Exercise aim:
In the entries below, find the line with "九段坂公園を、ソメイヨシノが" and the line with "Черная одежда теряет"; copy them and every line between them exactly, but not the pictures.

Given data:
- - -

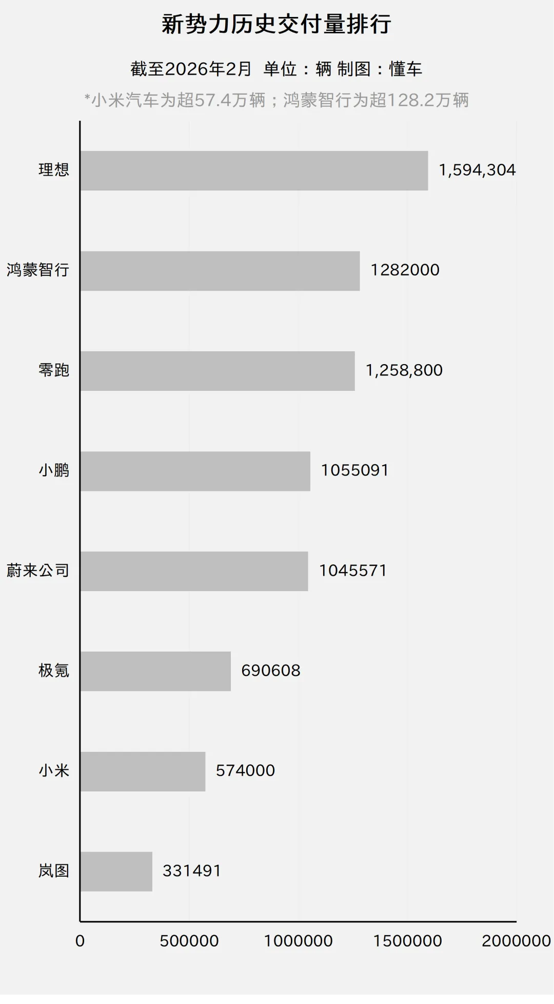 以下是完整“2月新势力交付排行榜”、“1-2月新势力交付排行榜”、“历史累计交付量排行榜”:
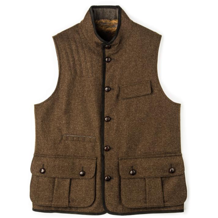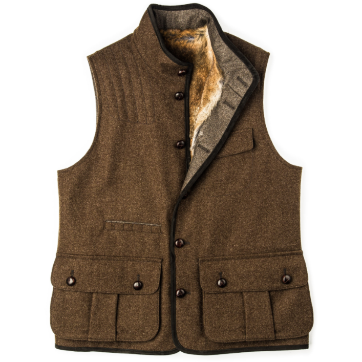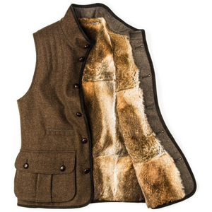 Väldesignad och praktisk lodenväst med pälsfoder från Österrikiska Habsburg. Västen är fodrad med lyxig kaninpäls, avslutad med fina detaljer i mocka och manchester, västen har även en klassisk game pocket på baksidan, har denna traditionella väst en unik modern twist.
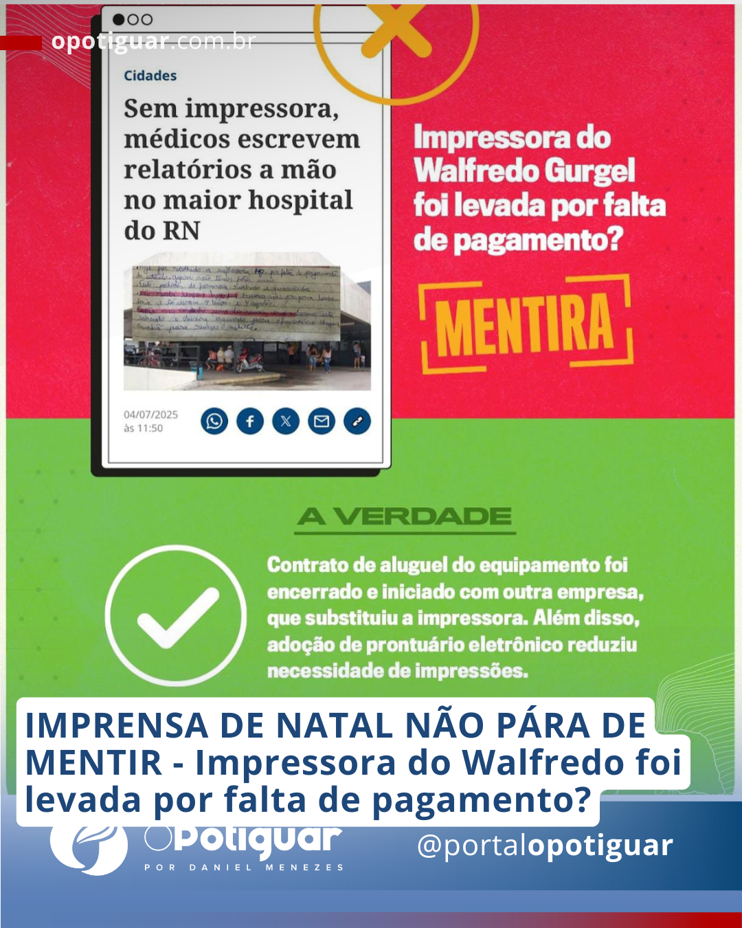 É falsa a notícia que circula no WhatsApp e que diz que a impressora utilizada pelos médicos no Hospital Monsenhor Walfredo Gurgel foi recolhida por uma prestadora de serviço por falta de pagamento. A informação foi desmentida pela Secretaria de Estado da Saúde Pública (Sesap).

- - -

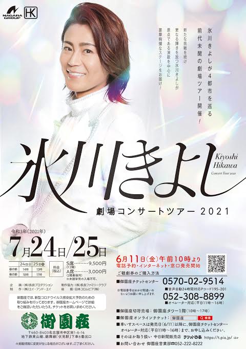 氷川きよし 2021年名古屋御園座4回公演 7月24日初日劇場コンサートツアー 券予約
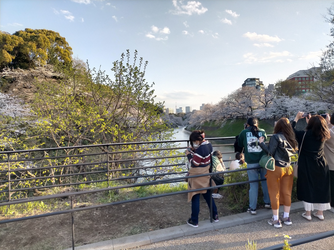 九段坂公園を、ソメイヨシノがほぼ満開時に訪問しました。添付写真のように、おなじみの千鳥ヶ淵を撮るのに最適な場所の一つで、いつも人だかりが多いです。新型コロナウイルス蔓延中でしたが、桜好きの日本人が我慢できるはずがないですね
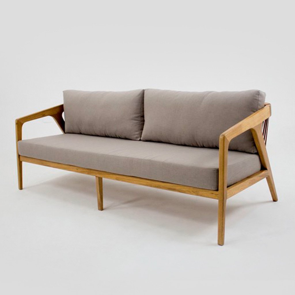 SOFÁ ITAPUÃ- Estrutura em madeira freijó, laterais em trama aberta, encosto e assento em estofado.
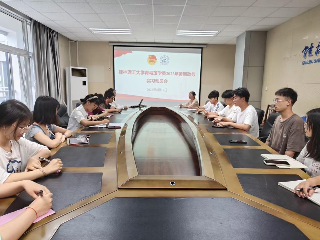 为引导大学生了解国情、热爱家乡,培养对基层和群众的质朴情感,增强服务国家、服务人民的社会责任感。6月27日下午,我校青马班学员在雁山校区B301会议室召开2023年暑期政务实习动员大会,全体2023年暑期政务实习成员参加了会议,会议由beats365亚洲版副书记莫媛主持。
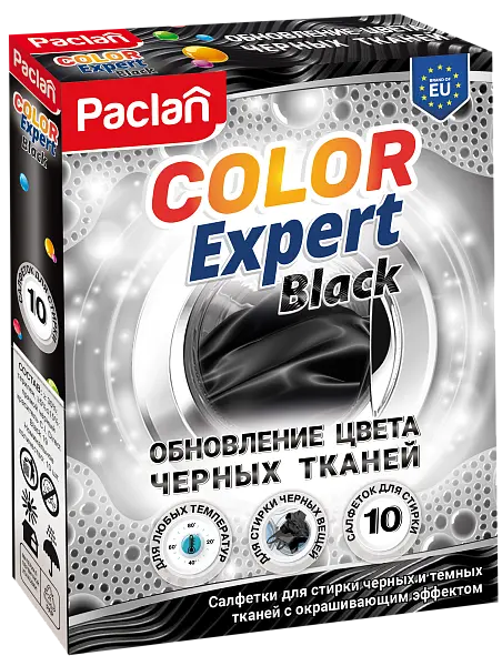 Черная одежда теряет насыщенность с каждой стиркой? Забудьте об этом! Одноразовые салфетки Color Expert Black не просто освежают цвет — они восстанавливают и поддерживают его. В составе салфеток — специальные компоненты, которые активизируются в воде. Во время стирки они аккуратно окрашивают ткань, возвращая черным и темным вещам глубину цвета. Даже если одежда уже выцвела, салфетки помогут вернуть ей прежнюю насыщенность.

- - -

Solution:
 九段坂公園を、ソメイヨシノがほぼ満開時に訪問しました。添付写真のように、おなじみの千鳥ヶ淵を撮るのに最適な場所の一つで、いつも人だかりが多いです。新型コロナウイルス蔓延中でしたが、桜好きの日本人が我慢できるはずがないですね
 SOFÁ ITAPUÃ- Estrutura em madeira freijó, laterais em trama aberta, encosto e assento em estofado.
 为引导大学生了解国情、热爱家乡,培养对基层和群众的质朴情感,增强服务国家、服务人民的社会责任感。6月27日下午,我校青马班学员在雁山校区B301会议室召开2023年暑期政务实习动员大会,全体2023年暑期政务实习成员参加了会议,会议由beats365亚洲版副书记莫媛主持。
 Черная одежда теряет насыщенность с каждой стиркой? Забудьте об этом! Одноразовые салфетки Color Expert Black не просто освежают цвет — они восстанавливают и поддерживают его. В составе салфеток — специальные компоненты, которые активизируются в воде. Во время стирки они аккуратно окрашивают ткань, возвращая черным и темным вещам глубину цвета. Даже если одежда уже выцвела, салфетки помогут вернуть ей прежнюю насыщенность.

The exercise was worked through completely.